Give back the whole listing verbatim, printing none of its pictures.

◆ Supplied data
============================================================
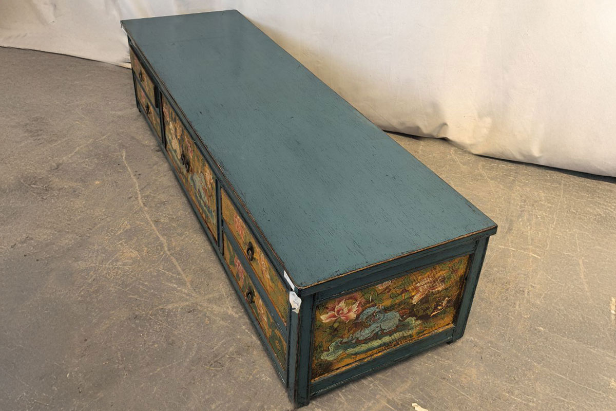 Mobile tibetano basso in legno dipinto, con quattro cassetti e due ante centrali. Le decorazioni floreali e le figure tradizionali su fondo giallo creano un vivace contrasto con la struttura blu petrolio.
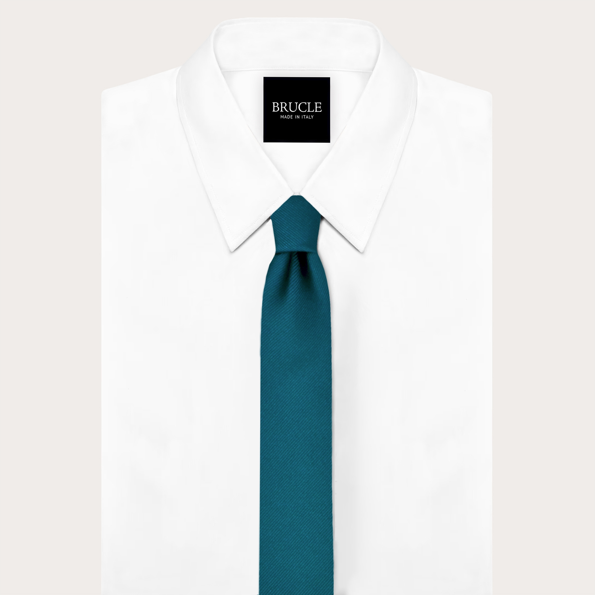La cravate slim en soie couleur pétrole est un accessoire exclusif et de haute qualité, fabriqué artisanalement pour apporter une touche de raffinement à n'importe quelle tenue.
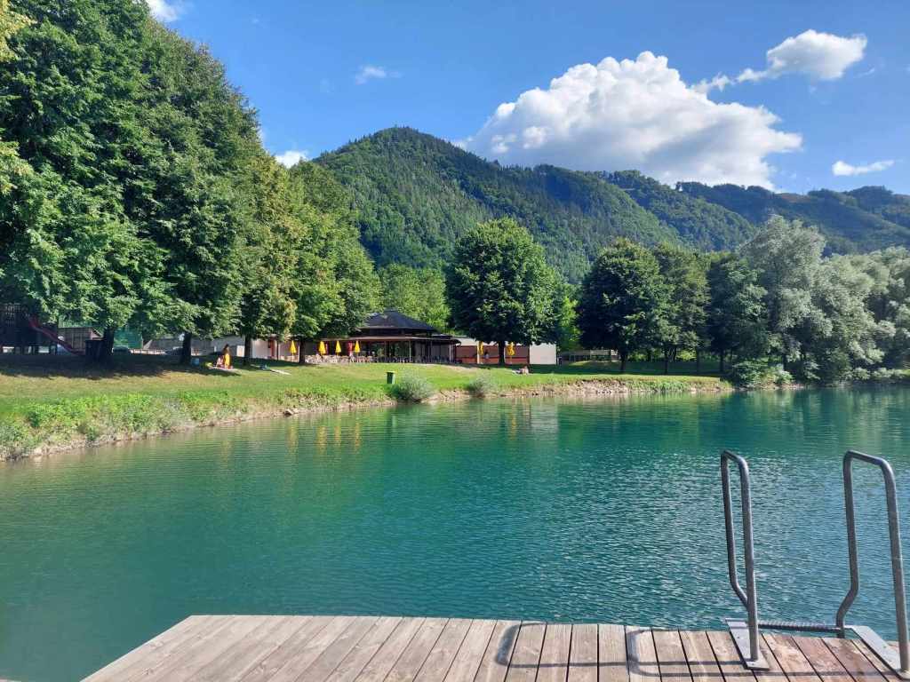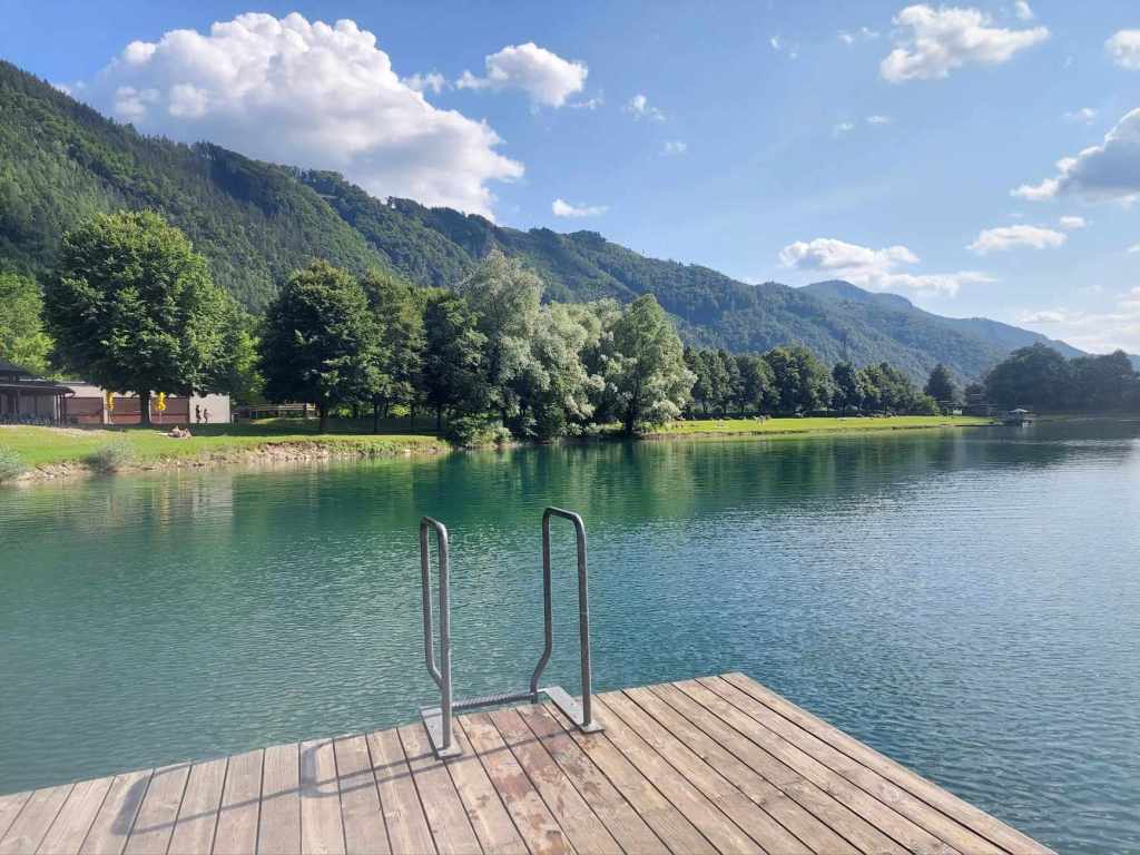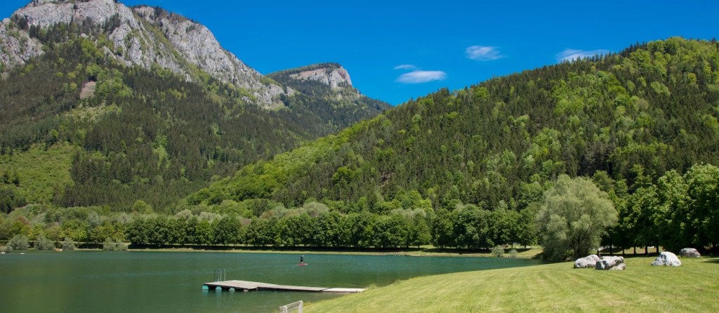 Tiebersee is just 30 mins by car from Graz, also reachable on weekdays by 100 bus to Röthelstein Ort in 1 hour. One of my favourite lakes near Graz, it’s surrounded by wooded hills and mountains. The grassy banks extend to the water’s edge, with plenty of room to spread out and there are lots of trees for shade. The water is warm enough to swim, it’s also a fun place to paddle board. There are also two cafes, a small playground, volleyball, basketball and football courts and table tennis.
============================================================
◆ Worked solution
 Mobile tibetano basso in legno dipinto, con quattro cassetti e due ante centrali. Le decorazioni floreali e le figure tradizionali su fondo giallo creano un vivace contrasto con la struttura blu petrolio.
La cravate slim en soie couleur pétrole est un accessoire exclusif et de haute qualité, fabriqué artisanalement pour apporter une touche de raffinement à n'importe quelle tenue.
 Tiebersee is just 30 mins by car from Graz, also reachable on weekdays by 100 bus to Röthelstein Ort in 1 hour. One of my favourite lakes near Graz, it’s surrounded by wooded hills and mountains. The grassy banks extend to the water’s edge, with plenty of room to spread out and there are lots of trees for shade. The water is warm enough to swim, it’s also a fun place to paddle board. There are also two cafes, a small playground, volleyball, basketball and football courts and table tennis.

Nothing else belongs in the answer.